CONTENTS

art market

art history

contemporary art

cultural heritage

antiques & fairs

art crime

artnose press

miscellaneous

 

Rioting Greeks Set Fire To New Acropolis Museum

By Artnose Cultural Heritage correspondent
Phidias Fog

Athens, 9 Dec 2008

The New Acropolis Museum in Athens, designed by award-winning architect Socrates Carbunclifidis, has been set on fire by Greek university students determined to sabotage their government’s attempts to secure the return of the famed Parthenon 'Elgin' Marbles.


                hot issue

For the last ten days, students from all over Greece have laid siege to the building in an attempt to persuade Britain to keep the ancient treasures incarcerated in the gloomy sepulchre in Bloomsbury known as the Duveen Galleries.

Last night, the new museum building, described by leading British architectural critic Charles Windsor as “a postmodern sanitary-towel dispenser”, stood in flames. The scenes echoed one of the darkest moments in Athenian history when the building’s ancient forebear was stormed by Venetian soldiers who set fire to a munitions cache stored inside the building by the occupying Turks.

“This is a terrible moment for Athens,” said Greek Culture Minister Mrs Fredi Mercouri as she stood on the ramp leading up to the new building, weeping into a copy of The Mart Newspaper as rioting students hurled home-made incendiary devices in the direction of the museum.

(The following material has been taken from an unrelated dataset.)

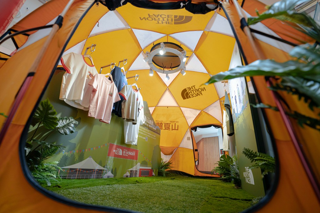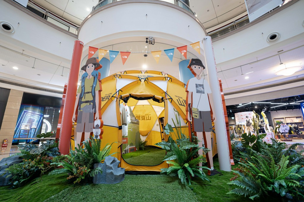 為迎接台北101旗艦店開幕,店外以品牌最經典的圓形穹頂帳打造THE NORTH FACE『山夏節』體驗站,除了在帳篷內造景陳列夏季服飾外,在5/13(週四)晚上七點鐘,也將以THE NORTH FACE圓形穹頂帳為山夏節派對舞台,邀請品牌好友LIVE表演,一同歡慶夏季的到來。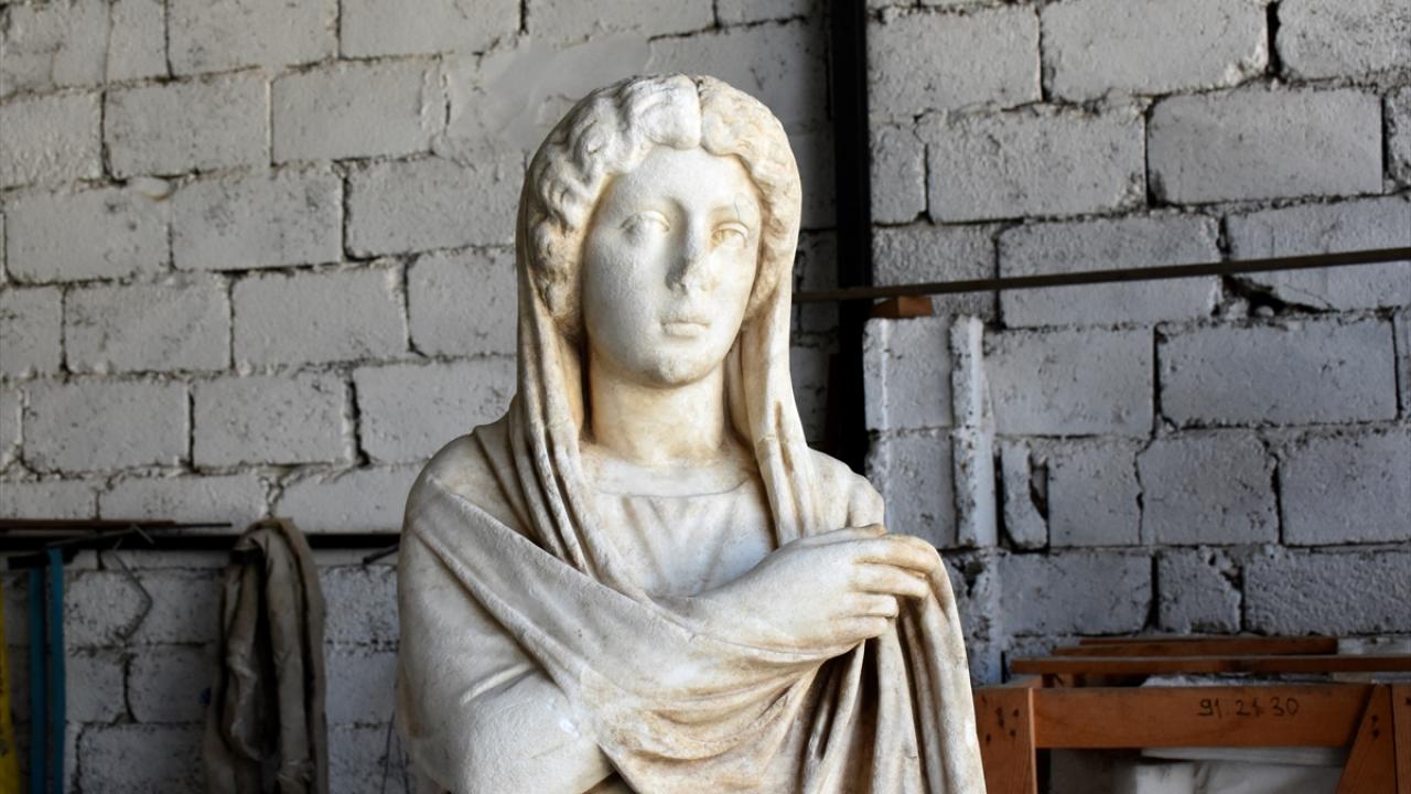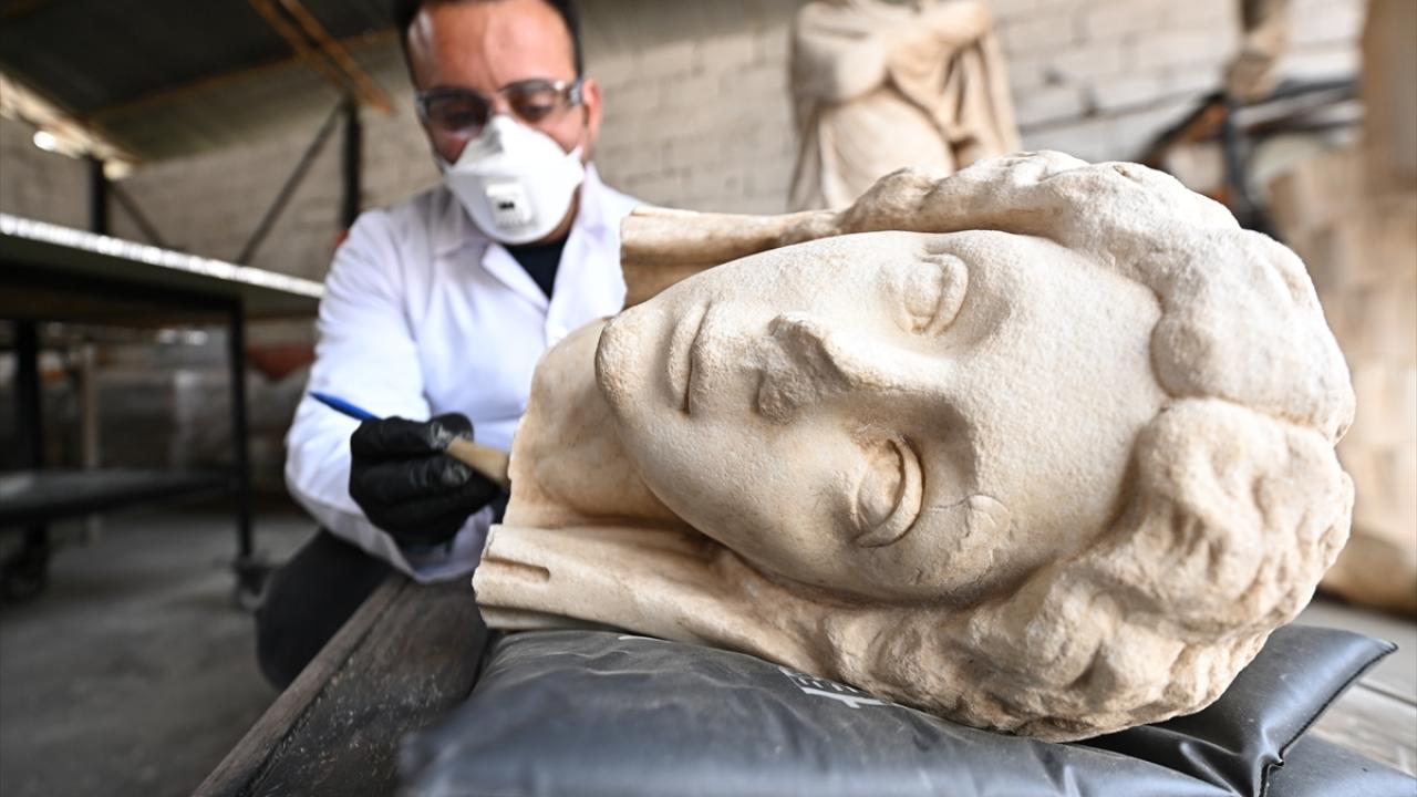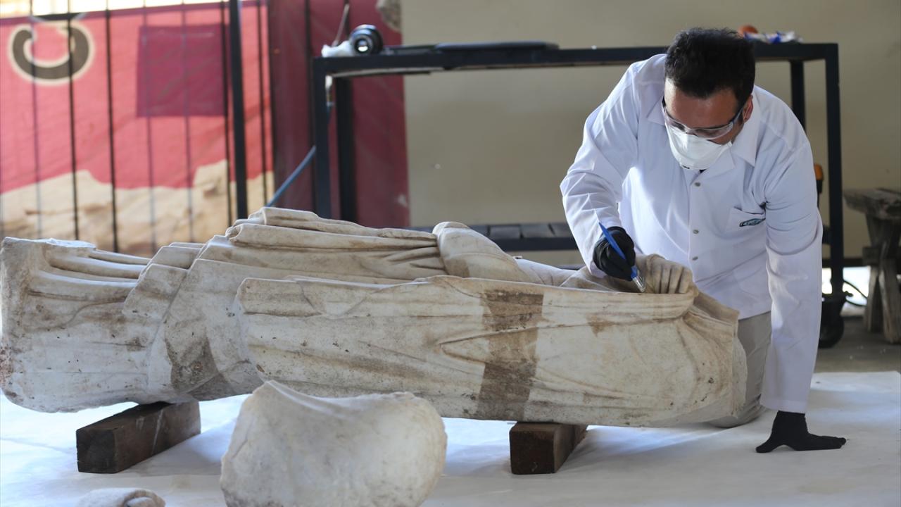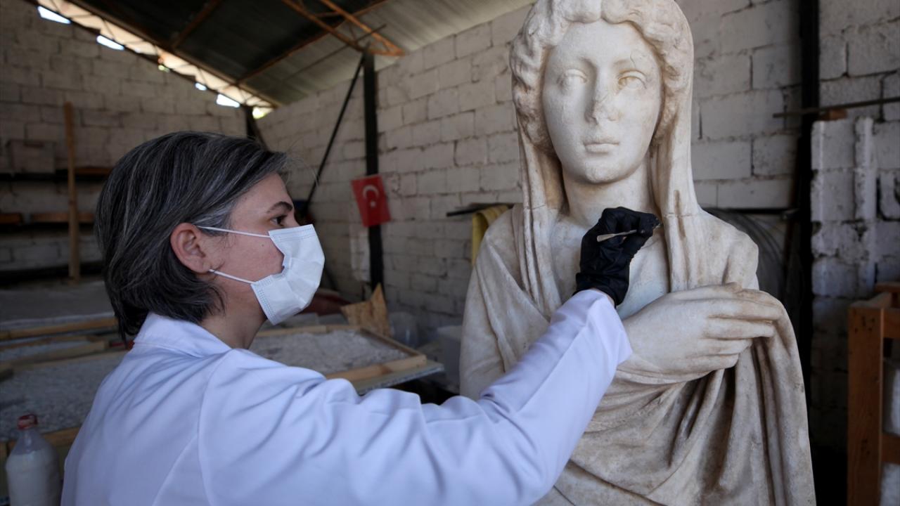 Antalya`nın Aksu ilçesindeki Perge Antik Kenti`nde, Prof. Dr. Sedef Çokay Kepçe başkanlığında yürütülen kazılarda bulunan "Giyimli Kadın" heykelinin Antalya Restorasyon ve Konservasyon Bölge Laboratuvarı Müdürlüğü ekiplerince sergiye hazırlandığı sürecin tüm aşamaları görüntülendi.

The charred silhouette of the Kritios Boy, a masterpiece of transitional archaic Greek sculpture, could be seen burning in the distance as the marauding crowd advanced towards the surviving metopes from the Parthenon.

“Way to go, MacGregor!” screamed Semtexis Meinhofopolis, a first-year cultural studies student from Thessalonika, as she launched another petrol bomb towards an ancient statue of Pallas Athena.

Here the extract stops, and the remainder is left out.